Daan Crypto Trades|Apr 02, 2025 11:03
One of the primary goals of the current administration seems to be to weaken the dollar & lower yields.
Both of these goals have arguably been pretty succesful so far in the ~2 months since inauguration.
We do know there has been collateral damage in achieving this and the real question in the end will be whether it was worth it and if it was the correct strategy or not.
We do know the US has to refinance ~9T worth of debt this year. So every basis point lower on long term bond yields is a lot of money "saved" in the long run.
A cheaper dollar can help improve US exports due to cheaper goods but also brings the risk of higher inflation.
It's a thin line to balance this all out.
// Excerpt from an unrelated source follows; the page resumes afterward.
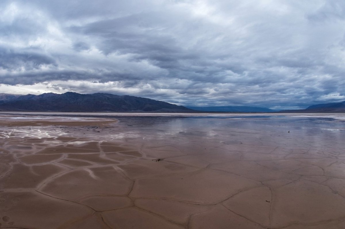 El barro agrietado y la sal en el fondo del valle del Parque Nacional del Valle de la Muerte en California pueden convertirse en un estanque reflectante después de las lluvias - NPS/KURT MOSES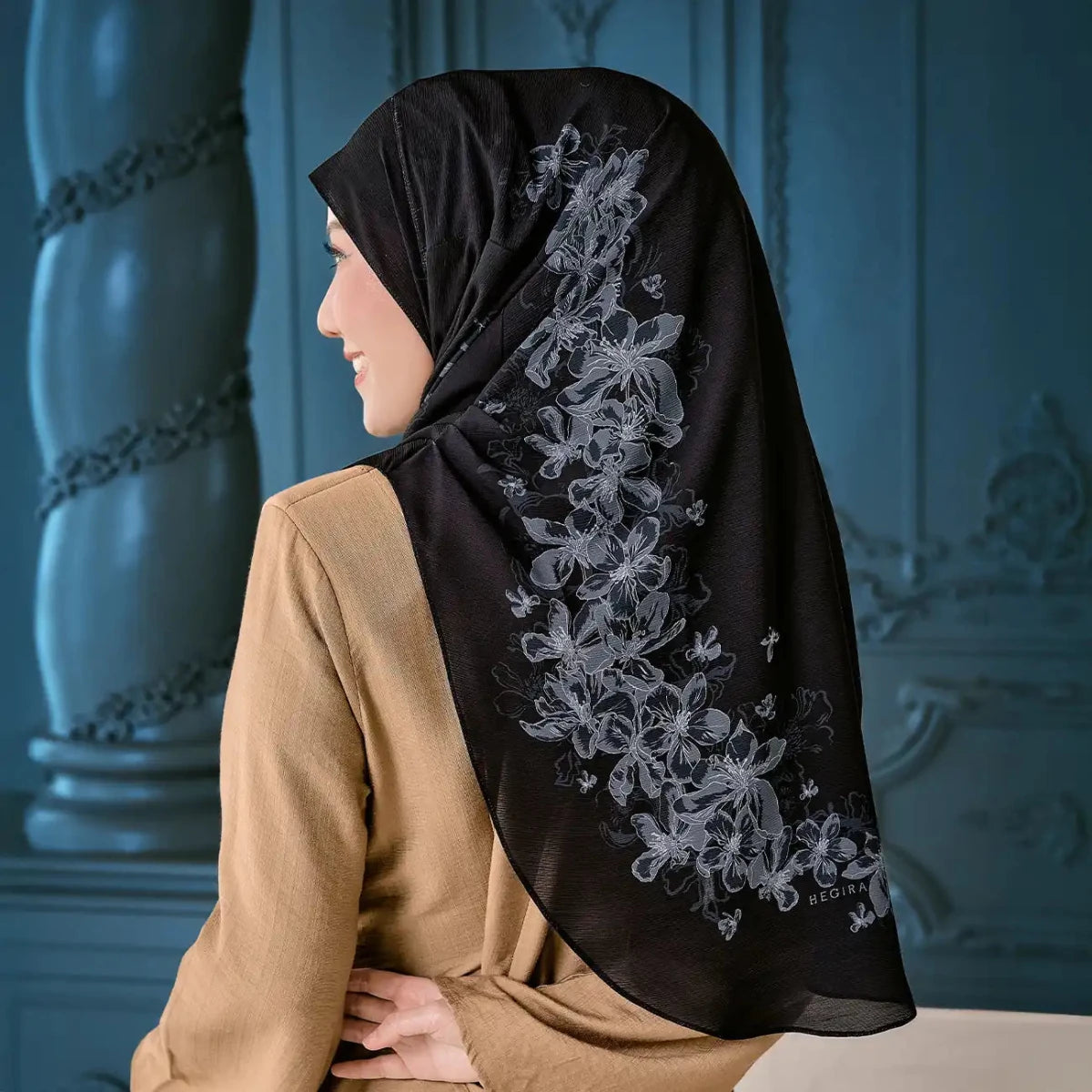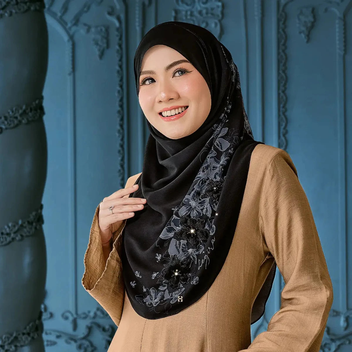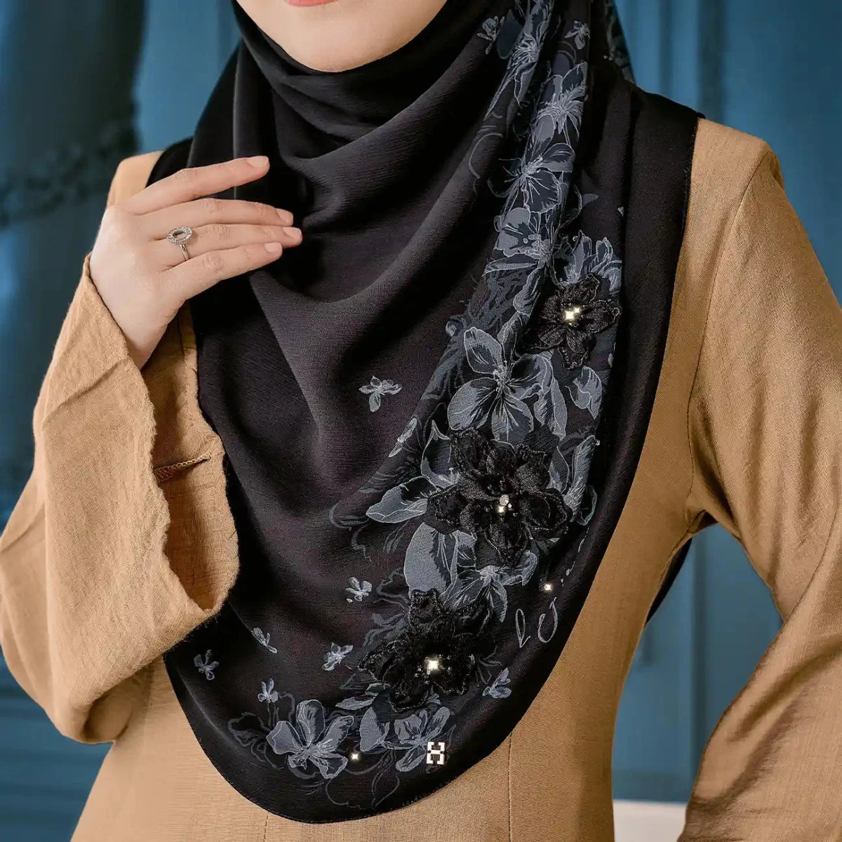 • Themes: Brings a touch of sophistication to everyday elegance. Each hijab features carefully arranged 3D floral appliques, delicate embroidery, and sparkling crystals that create a dimensional, luxurious look.

I think the main reason for the administration to go hard on tariffs etc now is also partially because in 4 years time, barely anyone will remember what happens now. It's also still possible to blame the bad performance in markets on the previous administration. Lastly, it sets you up for a reversal and more positive momentum into the midterms in 2 years.
I'm no macro expert and just stating some of the obvious things here as a bit of a summary. I think times like these are great to study while it's happening and especially once the outcome is more clear.
Good luck out there today especially as the proposed tariffs are to be announced. My guess is that we'll barely hear the word tariff 3 months from now and the markets will have found a new narrative to obsess about. That's the way things go.